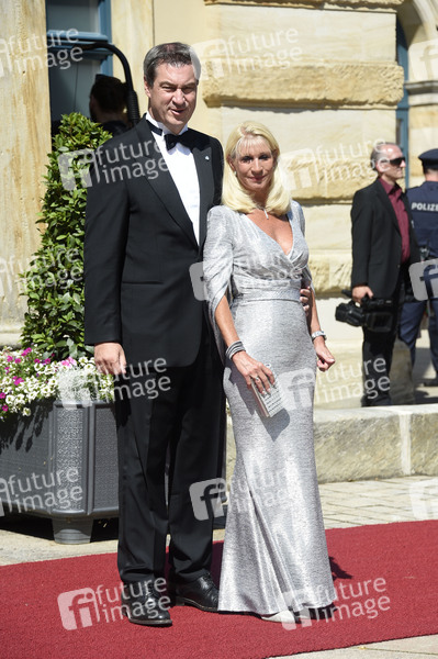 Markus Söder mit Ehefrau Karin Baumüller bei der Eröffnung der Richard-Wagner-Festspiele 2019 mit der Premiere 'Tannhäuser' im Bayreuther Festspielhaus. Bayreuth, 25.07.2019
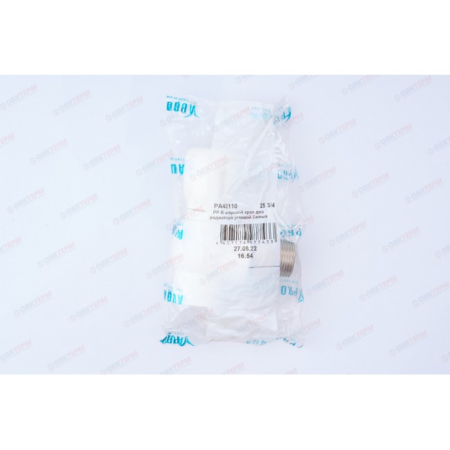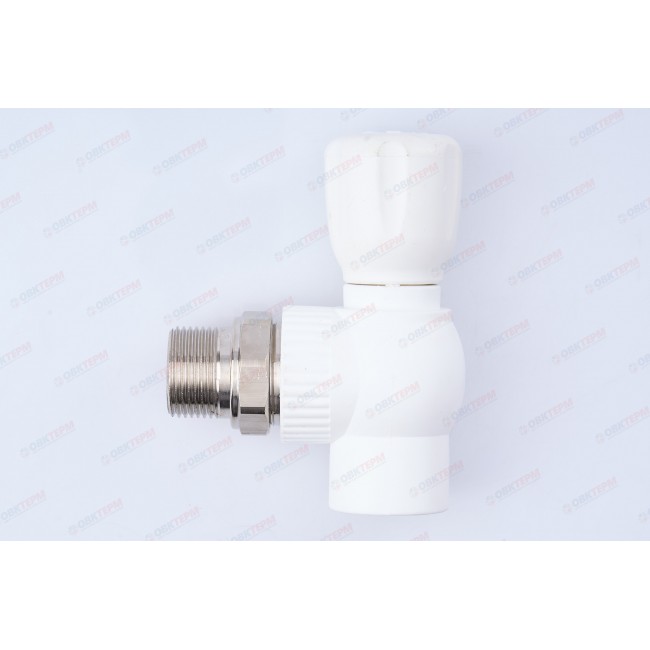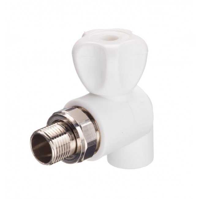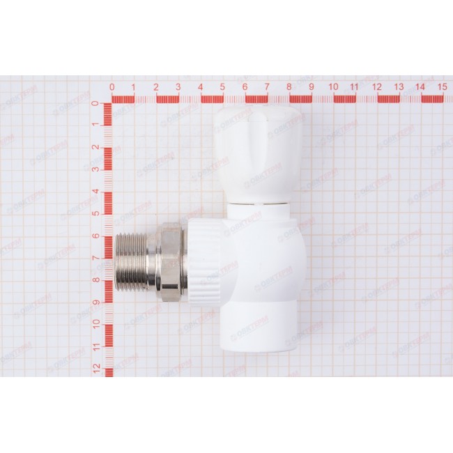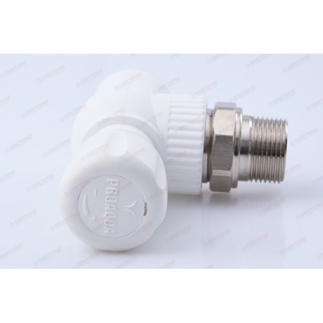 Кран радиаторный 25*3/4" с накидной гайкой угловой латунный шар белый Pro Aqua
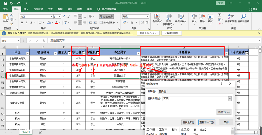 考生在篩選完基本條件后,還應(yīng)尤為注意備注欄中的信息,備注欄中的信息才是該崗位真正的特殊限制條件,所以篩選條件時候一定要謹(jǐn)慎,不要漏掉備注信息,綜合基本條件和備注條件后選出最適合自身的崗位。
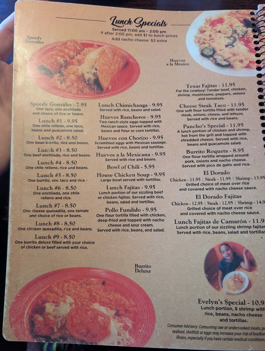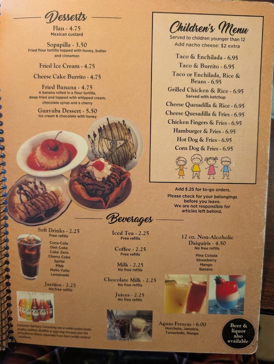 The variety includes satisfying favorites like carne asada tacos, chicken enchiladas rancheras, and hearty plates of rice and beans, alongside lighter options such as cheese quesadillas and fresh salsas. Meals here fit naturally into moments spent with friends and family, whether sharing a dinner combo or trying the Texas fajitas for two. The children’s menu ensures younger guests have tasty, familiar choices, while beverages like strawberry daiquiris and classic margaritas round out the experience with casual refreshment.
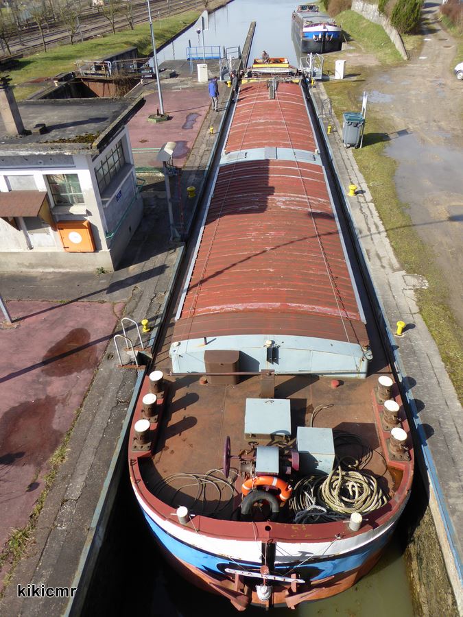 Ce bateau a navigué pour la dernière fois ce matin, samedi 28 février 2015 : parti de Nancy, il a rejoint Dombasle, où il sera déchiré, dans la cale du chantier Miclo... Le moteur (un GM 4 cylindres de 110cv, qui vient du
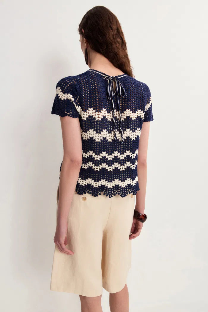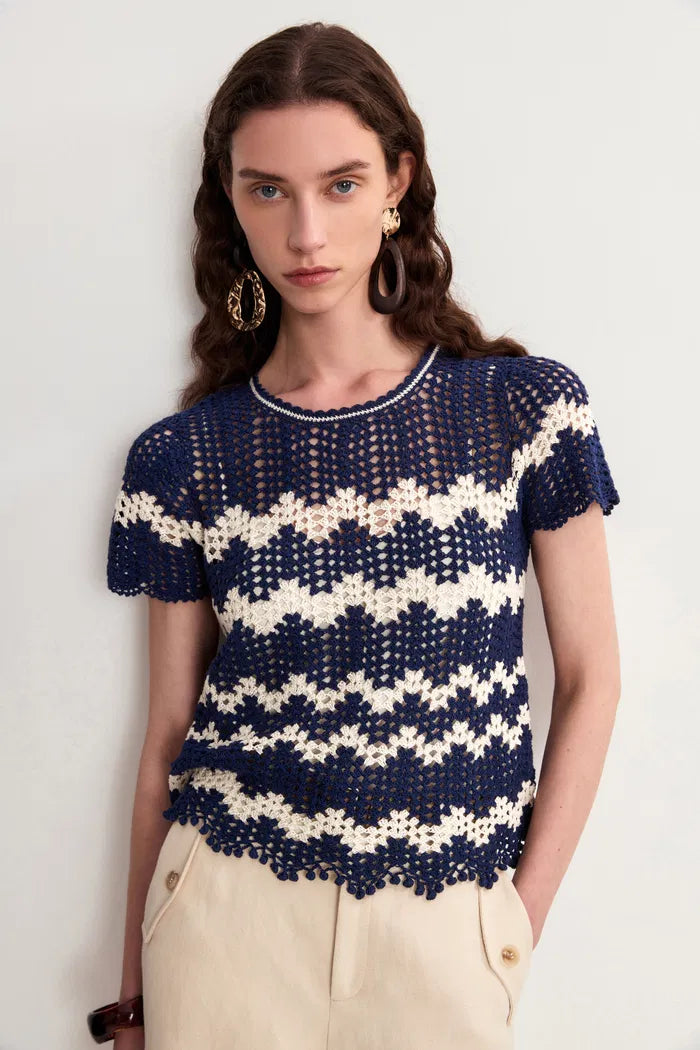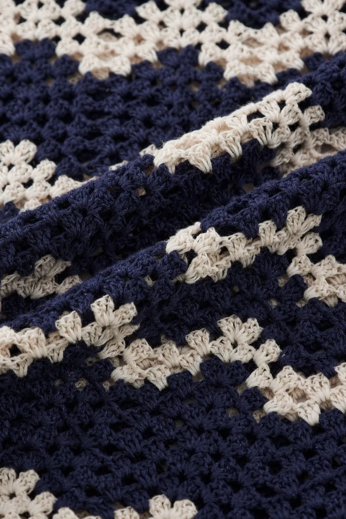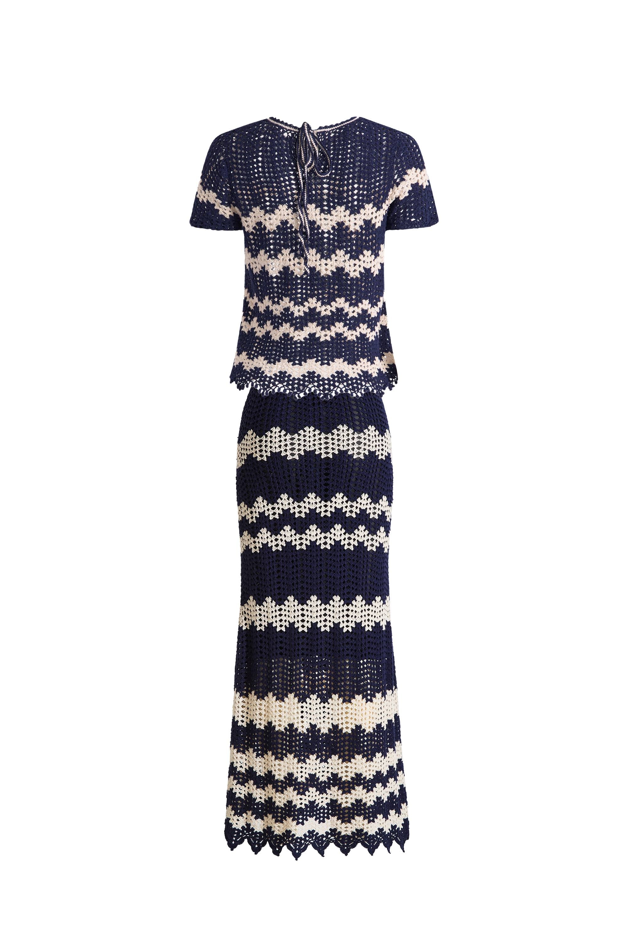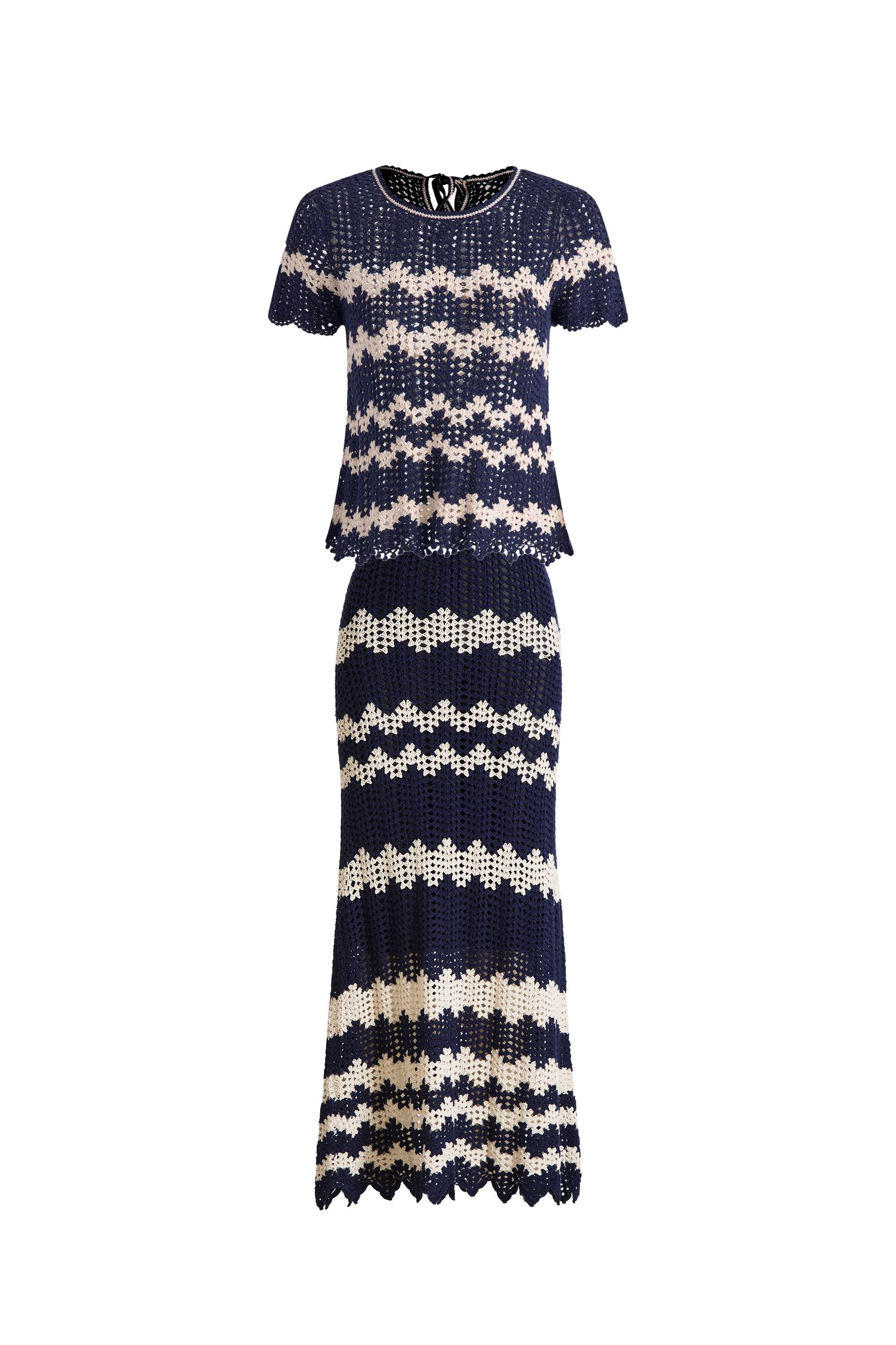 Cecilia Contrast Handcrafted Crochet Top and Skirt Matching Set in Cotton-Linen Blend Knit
▬▬▬
**EXERCISE OBJECTIVE:**
Give again exactly the lines running from the beginning of the material above through the line that contains "考生在篩選完基本條件后,還應", and leave out every picture.

**SOLUTION TO THE PROBLEM:**
 Markus Söder mit Ehefrau Karin Baumüller bei der Eröffnung der Richard-Wagner-Festspiele 2019 mit der Premiere 'Tannhäuser' im Bayreuther Festspielhaus. Bayreuth, 25.07.2019
 Кран радиаторный 25*3/4" с накидной гайкой угловой латунный шар белый Pro Aqua
 考生在篩選完基本條件后,還應(yīng)尤為注意備注欄中的信息,備注欄中的信息才是該崗位真正的特殊限制條件,所以篩選條件時候一定要謹(jǐn)慎,不要漏掉備注信息,綜合基本條件和備注條件后選出最適合自身的崗位。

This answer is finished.